- TASK INPUTS:
____________________

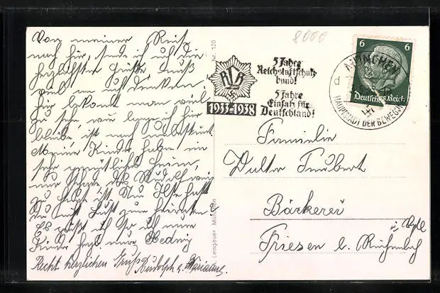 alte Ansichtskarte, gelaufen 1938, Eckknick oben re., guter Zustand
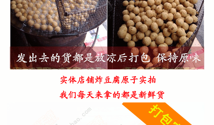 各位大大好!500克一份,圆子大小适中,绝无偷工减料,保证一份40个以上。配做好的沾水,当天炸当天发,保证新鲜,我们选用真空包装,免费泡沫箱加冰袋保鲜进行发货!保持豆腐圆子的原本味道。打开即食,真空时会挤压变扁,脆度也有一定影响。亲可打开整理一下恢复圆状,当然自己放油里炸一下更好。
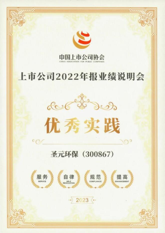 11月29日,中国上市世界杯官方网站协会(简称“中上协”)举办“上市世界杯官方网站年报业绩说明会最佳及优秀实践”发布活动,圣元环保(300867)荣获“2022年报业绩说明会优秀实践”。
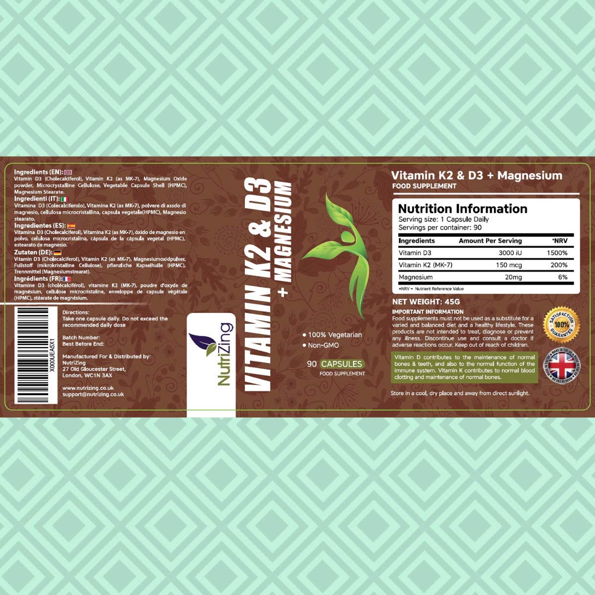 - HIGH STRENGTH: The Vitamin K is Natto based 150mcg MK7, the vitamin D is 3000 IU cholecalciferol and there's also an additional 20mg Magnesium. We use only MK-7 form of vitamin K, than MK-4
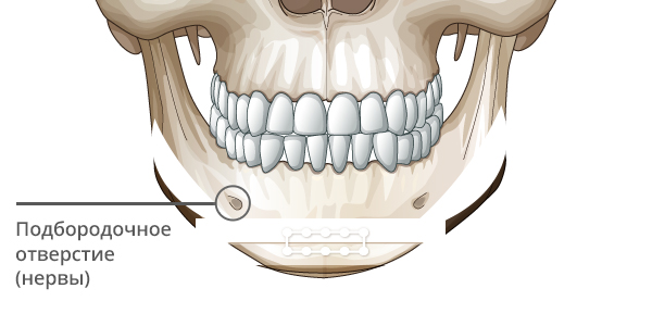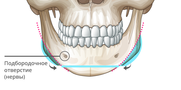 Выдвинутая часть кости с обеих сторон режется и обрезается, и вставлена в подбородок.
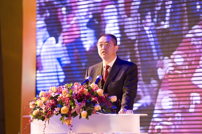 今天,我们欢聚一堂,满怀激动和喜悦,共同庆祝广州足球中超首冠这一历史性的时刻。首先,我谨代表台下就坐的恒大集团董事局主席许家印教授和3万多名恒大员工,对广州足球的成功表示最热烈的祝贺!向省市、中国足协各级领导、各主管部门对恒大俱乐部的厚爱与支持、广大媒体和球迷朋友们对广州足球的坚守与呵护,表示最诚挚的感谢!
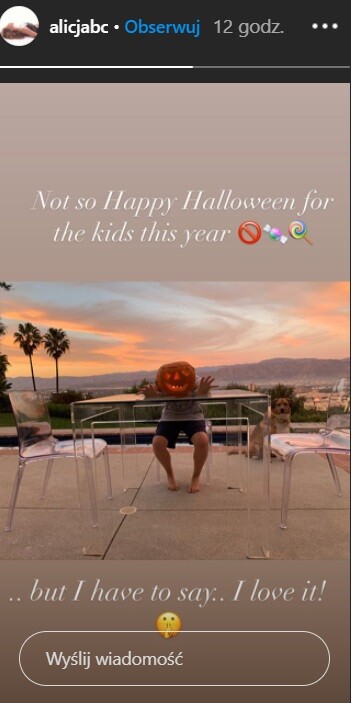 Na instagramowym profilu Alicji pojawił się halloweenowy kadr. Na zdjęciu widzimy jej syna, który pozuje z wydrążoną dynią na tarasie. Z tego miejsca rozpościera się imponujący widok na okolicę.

____________________

- REQUIREMENT: Leave every picture out and print exactly the lines from the one that contains "今天,我们欢聚一堂,满怀激动" through the last line of the material above.

- YOUR RESPONSE:
 今天,我们欢聚一堂,满怀激动和喜悦,共同庆祝广州足球中超首冠这一历史性的时刻。首先,我谨代表台下就坐的恒大集团董事局主席许家印教授和3万多名恒大员工,对广州足球的成功表示最热烈的祝贺!向省市、中国足协各级领导、各主管部门对恒大俱乐部的厚爱与支持、广大媒体和球迷朋友们对广州足球的坚守与呵护,表示最诚挚的感谢!
 Na instagramowym profilu Alicji pojawił się halloweenowy kadr. Na zdjęciu widzimy jej syna, który pozuje z wydrążoną dynią na tarasie. Z tego miejsca rozpościera się imponujący widok na okolicę.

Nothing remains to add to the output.